Data in this exercise =>
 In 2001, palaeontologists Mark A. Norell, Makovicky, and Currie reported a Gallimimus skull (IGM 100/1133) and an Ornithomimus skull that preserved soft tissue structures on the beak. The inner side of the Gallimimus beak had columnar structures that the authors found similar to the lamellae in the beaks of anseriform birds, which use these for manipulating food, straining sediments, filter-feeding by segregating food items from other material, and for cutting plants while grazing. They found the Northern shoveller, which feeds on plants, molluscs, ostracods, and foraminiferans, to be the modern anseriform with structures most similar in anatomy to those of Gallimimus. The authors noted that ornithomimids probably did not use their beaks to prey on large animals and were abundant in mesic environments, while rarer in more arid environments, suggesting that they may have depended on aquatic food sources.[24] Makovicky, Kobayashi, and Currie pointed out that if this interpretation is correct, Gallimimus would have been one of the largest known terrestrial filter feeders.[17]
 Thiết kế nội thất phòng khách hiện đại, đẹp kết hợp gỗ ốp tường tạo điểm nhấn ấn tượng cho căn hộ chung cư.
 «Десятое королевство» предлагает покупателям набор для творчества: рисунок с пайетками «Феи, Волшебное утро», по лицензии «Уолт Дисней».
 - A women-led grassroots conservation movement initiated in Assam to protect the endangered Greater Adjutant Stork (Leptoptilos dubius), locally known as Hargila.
---
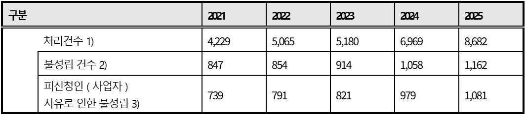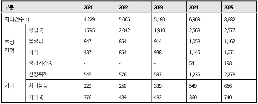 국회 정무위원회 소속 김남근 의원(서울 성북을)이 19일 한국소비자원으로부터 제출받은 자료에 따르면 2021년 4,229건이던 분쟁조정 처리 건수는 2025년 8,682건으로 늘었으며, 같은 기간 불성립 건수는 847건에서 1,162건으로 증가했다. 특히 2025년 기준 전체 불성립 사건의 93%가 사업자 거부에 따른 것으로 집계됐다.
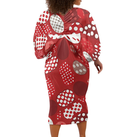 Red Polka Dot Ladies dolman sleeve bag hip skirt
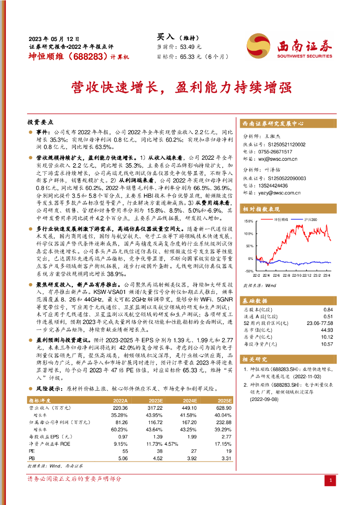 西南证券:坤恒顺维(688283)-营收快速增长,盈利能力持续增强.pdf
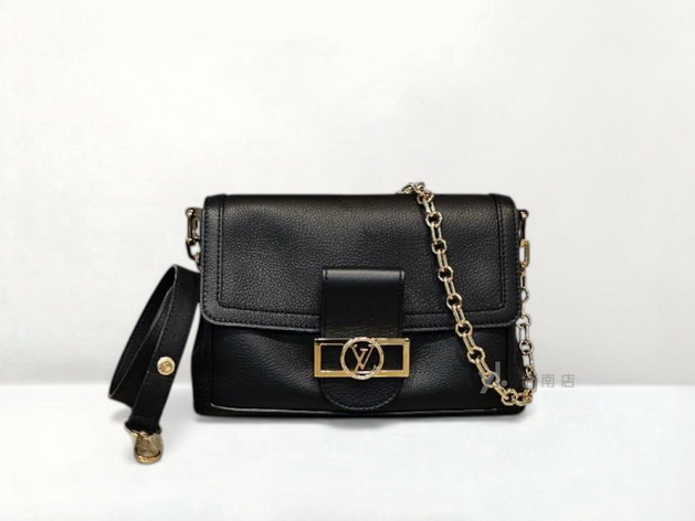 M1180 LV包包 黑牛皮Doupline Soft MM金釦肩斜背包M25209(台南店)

Exercise brief =>
Wherever the string "known" appears in the data above, copy the line it sits in.

Result =>
 In 2001, palaeontologists Mark A. Norell, Makovicky, and Currie reported a Gallimimus skull (IGM 100/1133) and an Ornithomimus skull that preserved soft tissue structures on the beak. The inner side of the Gallimimus beak had columnar structures that the authors found similar to the lamellae in the beaks of anseriform birds, which use these for manipulating food, straining sediments, filter-feeding by segregating food items from other material, and for cutting plants while grazing. They found the Northern shoveller, which feeds on plants, molluscs, ostracods, and foraminiferans, to be the modern anseriform with structures most similar in anatomy to those of Gallimimus. The authors noted that ornithomimids probably did not use their beaks to prey on large animals and were abundant in mesic environments, while rarer in more arid environments, suggesting that they may have depended on aquatic food sources.[24] Makovicky, Kobayashi, and Currie pointed out that if this interpretation is correct, Gallimimus would have been one of the largest known terrestrial filter feeders.[17]
 - A women-led grassroots conservation movement initiated in Assam to protect the endangered Greater Adjutant Stork (Leptoptilos dubius), locally known as Hargila.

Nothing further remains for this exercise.